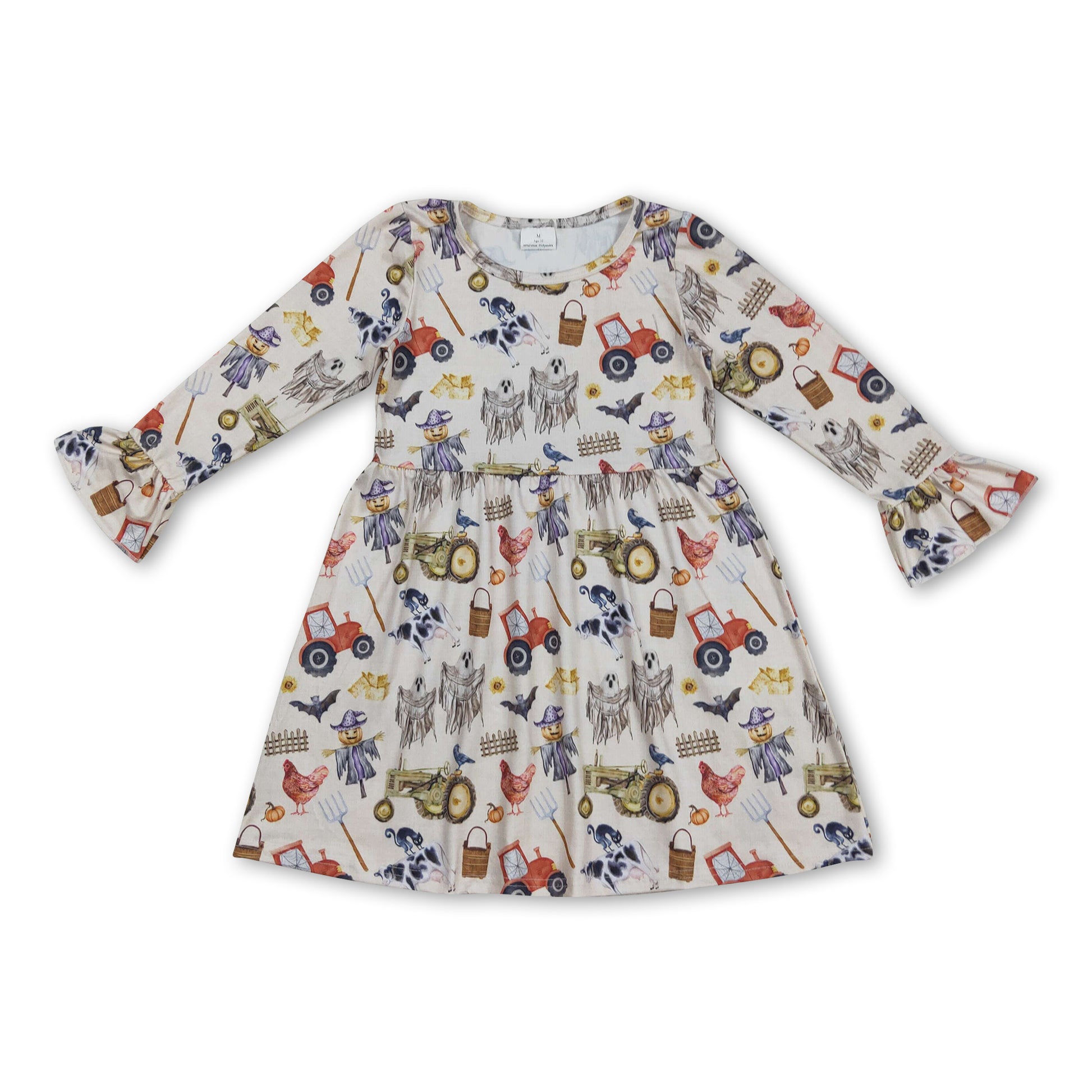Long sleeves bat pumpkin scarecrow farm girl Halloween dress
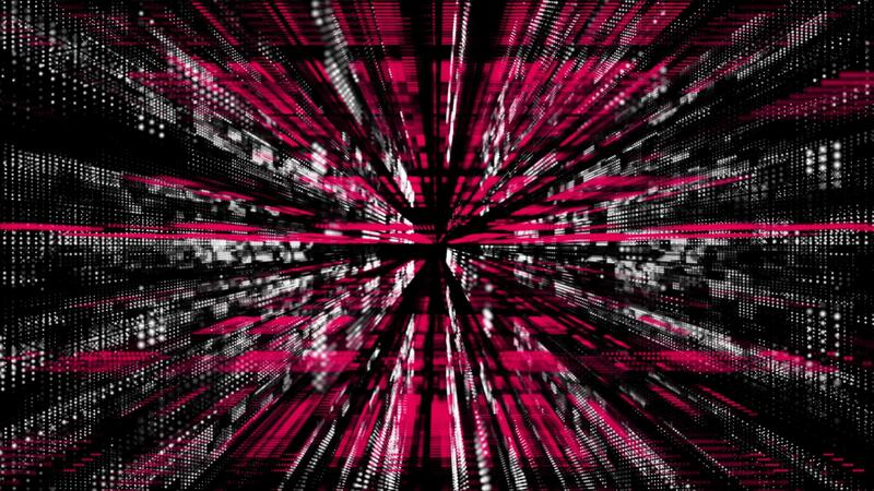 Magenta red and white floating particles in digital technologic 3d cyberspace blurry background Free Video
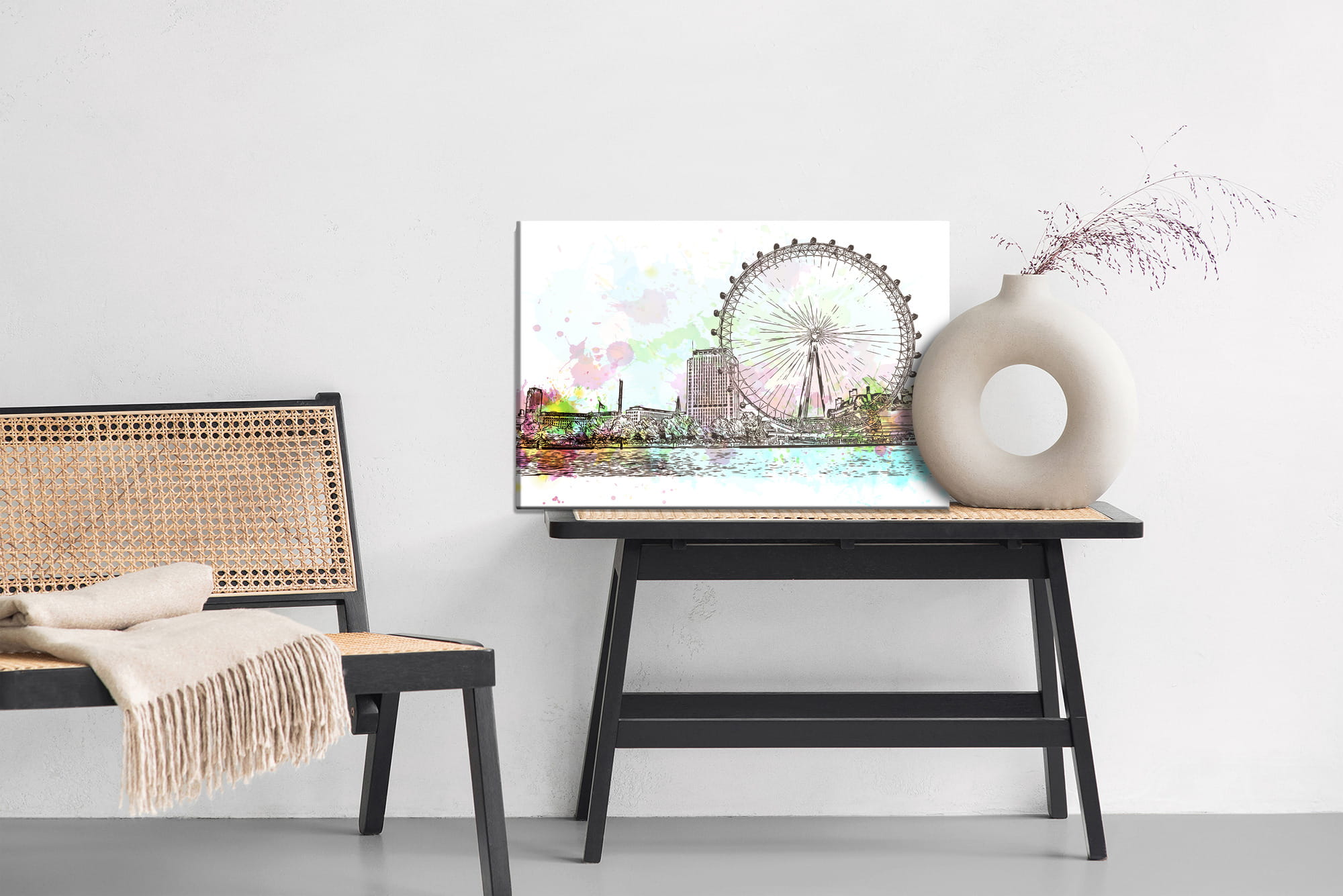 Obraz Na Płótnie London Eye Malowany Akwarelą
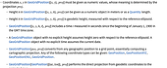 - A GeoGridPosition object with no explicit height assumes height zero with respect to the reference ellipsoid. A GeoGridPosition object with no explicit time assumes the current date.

What to do:
Each line from the one with "Obraz Na Płótnie" to the final line of the data above is to be printed exactly; no picture should appear in the copy.

Task output:
 Obraz Na Płótnie London Eye Malowany Akwarelą
 - A GeoGridPosition object with no explicit height assumes height zero with respect to the reference ellipsoid. A GeoGridPosition object with no explicit time assumes the current date.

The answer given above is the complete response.